You are a knowledge base construction expert. Given a subject entity and a description of it, return factual statements that you know for the subject as a JSON list of dictionaries(triples), where keys must be "subject", "predicate" and "object". The number of facts may be very high, between 25 to 50 or more, for very popular subjects. For less popular subjects, the number of facts can be very low, like 5 or 10. # Requirements - If you don't know the subject at all, return an empty list. - If the subject is not a named entity, return an empty list. - Include at least one triple where predicate is "instanceOf". - Do not get too wordy. - Separate several objects into multiple triples with one object.

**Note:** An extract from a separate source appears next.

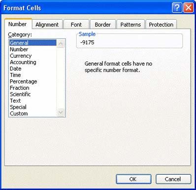 Esta caixa de diálogo apresenta diversas categorias de formatação, nomeadamente: - General: não atribui nenhum formato específico; - Number: permite definir o número de casas decimais, colocar o separador de milhares e definir o aspecto dos números negativos; - Currency: permite definir o número de casas decimais, adicionar um símbolo de moeda e definir o aspecto dos números negativos; - Accounting: idêntico ao anterior mas sem permitir definir o aspecto dos números negativos; - Date: apresenta os números em formato data – estão disponíveis diversos formatos de datas; - Time: apresenta os números em formato horário – estão disponíveis diversos formatos horários; - Percentage: coloca os números em formato percentagem e permite definir o número de casas decimais; - Fraction: apresenta os números em formato de fracção, permitindo diversas opções quanto ao número de dígitos; - Scientific: apresenta os números em formato científico e permite definir o número de casas decimais; - Text: o número contido na célula passa a ser considerado como texto e não como número; - Special: permite atribuir diversas formatações específicas para diferentes países (p.e. atribuir o aspecto de código postal); - Custom: permite ao utilizador definir a formatação de um forma totalmente flexível.

Subject: Transformer-XL Description of subject: Transformer-XL is a neural network architecture for language modeling that extends the Transformer with segment-level recurrence and relative positional encodings to better capture long-range dependencies.
Referenced by (1)
Full triples — surface form annotated when it differs from this entity's canonical label.